My visit is one of courtesy and excuse, not of menace and authority."

"There it is," said the baron: "every one takes a pleasure in contradicting me. Here is this courteous knight, who has not opened his mouth three times since he has been in my house except to take in provision, cuts me short in my story with a flat denial."

"Oh! I cry you mercy, sir knight," said Matilda; "I did not mark you before.

I am your debtor for no slight favour, and so is my liege lord."

"Her liege lord!" exclaimed the baron, taking large strides across the chamber.

"Pardon me, gentle lady," said Sir Ralph. "Had I known you before yesterday, I would have cut off my right hand ere it should have been raised to do you displeasure.

"Oh sir," said Matilda, "a good man may be forced on an ill office: but I can distinguish the man from his duty." She presented to him her hand, which he kissed respectfully, and simultaneously with the contact thirty-two invisible arrows plunged at once into his heart, one from every point of the compass of his pericardia.

"Well, father," added Matilda, "I must go to the woods."

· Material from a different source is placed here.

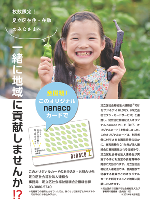 当日は、同連絡会がセブン&アイホールディングスと連携して、6月末にオリジナルnanacoカードを作成したことが報告された。このカードは、総利用額の0・1%が同会に寄付還元される仕組みで、その寄付金は同会が実施する子ども食堂の食材費などの財源に充てられるという。このカードは、7月11日(木)から区内在住・在勤者にも頒布されている(枚数限定)。総会ではさらに、慢性的な人手不足解消のため、10月23日(水)に高齢、障がい、児童の各部門合同の「福祉のしごと相談・面接会」を開催することを決めた。【問合せ】TEL3880・5740社協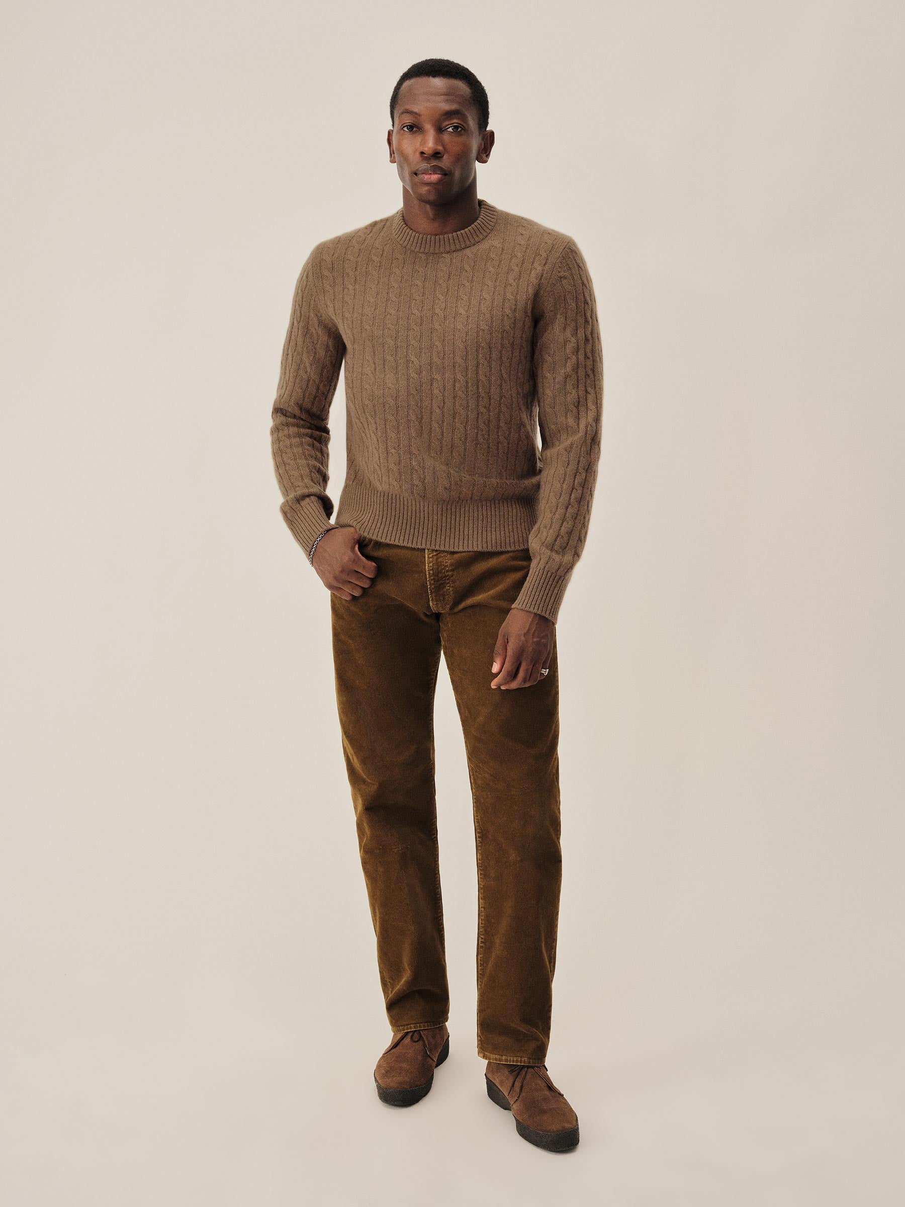 The California Cashmere Cable Crew is spun from 100% long-staple cashmere and knit in a refined 12-gauge cable pattern. Inspired by the casual poise of 1960s Ivy League sweaters, it’s finished with yarn-dyed ribbing at the neck, cuffs, and hem, and garment-rinsed for a soft, lived-in feel.

"Must you?" said the baron; "I say you must not."

"But I am going," said Matilda "But I will have up the drawbridge," said the baron.

"But I will swim the moat," said Matilda.

"But I will secure the gates," said the baron.

"But I will leap from the battlement," said Matilda.

"But I will lock you in an upper chamber," said the baron.

"But I will shred the tapestry," said Matilda, "and let myself down."

"But I will lock you in a turret," said the baron, "where you shall only see light through a loophole."